Fair enough. Let me clarify the use case:

ISON isn't meant to replace JSON in your application. Your JS/TS code still uses JSON objects internally. ISON is specifically for the LLM context window.

The flow: App (JSON) → serialize to ISON → inject into prompt → LLM reasons → response → your app

You're right that nesting is lost. But for LLM reasoning, flat structures often work better. LLMs struggle with deeply nested JSON - they lose track of parent-child relationships 4+ levels deep.

On "tokens are getting cheaper": True for API costs. But context windows are still limited. When you're stuffing RAG results, memory, agent state, and user history into 128K tokens, every byte matters. It's not about saving money - it's about fitting more context.

On "wrong optimization": I ran the benchmark. Same data, same task. ISON: 88.3% accuracy. JSON: 84.7%. The LLM actually performed better with the tabular format, not just "equivalent for fewer tokens."

## BENCHMARK STATS:

TOKEN EFFICIENCY: ISON: 3,550 tokens JSON: 12,668 tokens

  ISON vs JSON:        72.0% reduction

LLM ACCURACY (300 Questions): ISON: 265/300 ( 88.3%) JSON: 254/300 ( 84.7%)

EFFICIENCY (Acc/1K): ISON: 24.88 JSON: 6.68 ISON is 272.3% MORE EFFICIENT than JSON!

But I hear you - if your data is deeply nested and that nesting carries semantic meaning the LLM needs, JSON might be the right choice. ISON works best for relational/tabular data going into context.

quinncom

a month ago

When including ISON alongside normal text, which language should you use for the code fence info string? Is `ison` a known code type, i.e.:

```ison object.config timeout 30 debug true api_key "sk-xxx-secret" max_retries 3 ```

dmarwicke

a month ago

tried this with msgpack last year. accuracy tanked. models have seen a trillion json examples, like 12 of whatever format you invent

dClauzel

a month ago

Just use CSV at this point :D

maheshvaikri99

a month ago

Ha, fair. CSV gets you 80% there.

The 20% ISON adds: - Multiple named tables in one doc - Cross-table references - No escaping hell (quoted strings handled cleanly) - Schema validation (ISONantic)

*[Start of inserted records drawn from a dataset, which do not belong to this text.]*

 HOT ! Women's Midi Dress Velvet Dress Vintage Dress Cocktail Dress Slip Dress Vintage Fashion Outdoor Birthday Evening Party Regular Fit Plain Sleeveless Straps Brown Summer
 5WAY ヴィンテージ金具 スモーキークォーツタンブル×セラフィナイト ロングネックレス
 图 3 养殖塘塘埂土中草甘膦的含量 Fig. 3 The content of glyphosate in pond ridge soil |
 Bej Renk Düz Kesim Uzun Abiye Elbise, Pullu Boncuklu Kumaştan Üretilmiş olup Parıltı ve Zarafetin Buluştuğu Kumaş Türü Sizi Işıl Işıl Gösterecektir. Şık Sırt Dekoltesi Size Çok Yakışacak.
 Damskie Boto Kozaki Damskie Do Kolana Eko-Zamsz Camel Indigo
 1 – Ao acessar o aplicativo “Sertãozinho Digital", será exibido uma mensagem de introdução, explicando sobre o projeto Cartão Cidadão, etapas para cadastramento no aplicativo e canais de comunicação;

If you're stuffing one flat table into context, CSV works fine. When you have users + orders + products with relationships, ISON saves you from JSON's bracket tax.

throw03172019

a month ago

So CSV with a “typed” header?

maheshvaikri99

a month ago

Essentially yes, but with a few additions CSV lacks:

1. Multiple tables in one document (table.users, table.orders) 2. References between tables (:user:42 links to id 42) 3. Object blocks for config/metadata 4. Streaming format (ISONL) for large datasets

The type annotations are optional - they help LLMs understand the schema without inference.

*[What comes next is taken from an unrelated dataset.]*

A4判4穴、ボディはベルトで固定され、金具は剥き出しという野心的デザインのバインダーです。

You could think of it as "CSV that knows about relationships" - which is exactly what multi-agent systems need when passing state around.

throw03172019

a month ago

Got it. Thanks.

Any data on how LLMs like this format? Are they able to make the associations etc?

maheshvaikri99

a month ago

Yes - I ran a 300 Questions benchmark comparing ISON vs JSON vs JSON-COMPACT etc on the same tasks.

ISON: 88.3% accuracy JSON: lower (can share exact numbers if interested)

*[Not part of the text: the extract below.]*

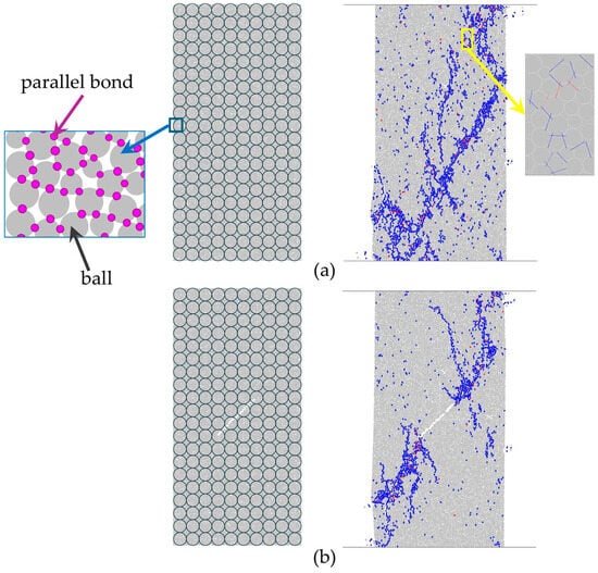 According to the laboratory test results in the paper by Jin et al. [], a set of numerical models were generated by Particle Flow Code (PFC). As a discrete element method, the particles and bonds determine the behavior of the macro material, and it can indicate a similar simulation result in the macro-phenomenon of specimen’s failure []. The particle discrete element model provides support to comprehend the failure process of rock-like material from macroscopic-scale phenomena and statistics. In this paper, the parallel bond was used to generate the bonded-particle models (BPMs).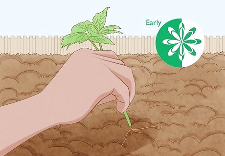 Plant the raspberries in early spring. This is the best time to plant both seedlings and grown plants. This will allow the ideal amount of time for maturation. Grown plants should bear fruit by the end of summer. For ever-bearers, expect to find fruit into fall as well. Feel free to add raspberry plants to your patch throughout the summer months. Check the weather report before planting. If there's a fear of frost or a temperature drop, you may want to keep already dormant plants in stasis by keeping them in a refrigerator. Plant these berries as soon as possible. Lay down a layer of straw over your plants to protect them from frost. Use ground cover, like a tarp or sheet, to prevent frost damage. Remove tarps or sheets in the early morning.

Tested across Claude, GPT-4, DeepSeek, and Llama 3.

The key finding: LLMs handle tabular formats natively because they've seen billions of markdown tables and CSVs in training. No special prompting needed.

For associations, I tested with multi-table ISON docs like:

table.users id name 1 Alice 2 Bob

table.orders id user_id product 101 :1 Widget 102 :2 Gadget

Prompt: "What did Alice order?"

All models correctly resolved :1 → Alice → Widget without explicit instructions about the reference syntax.

The 30-70% token savings come from removing JSON's structural overhead (braces, quotes, colons, commas) while keeping the same semantic density.

Haven't published formal benchmarks on this yet - that's good feedback. I should.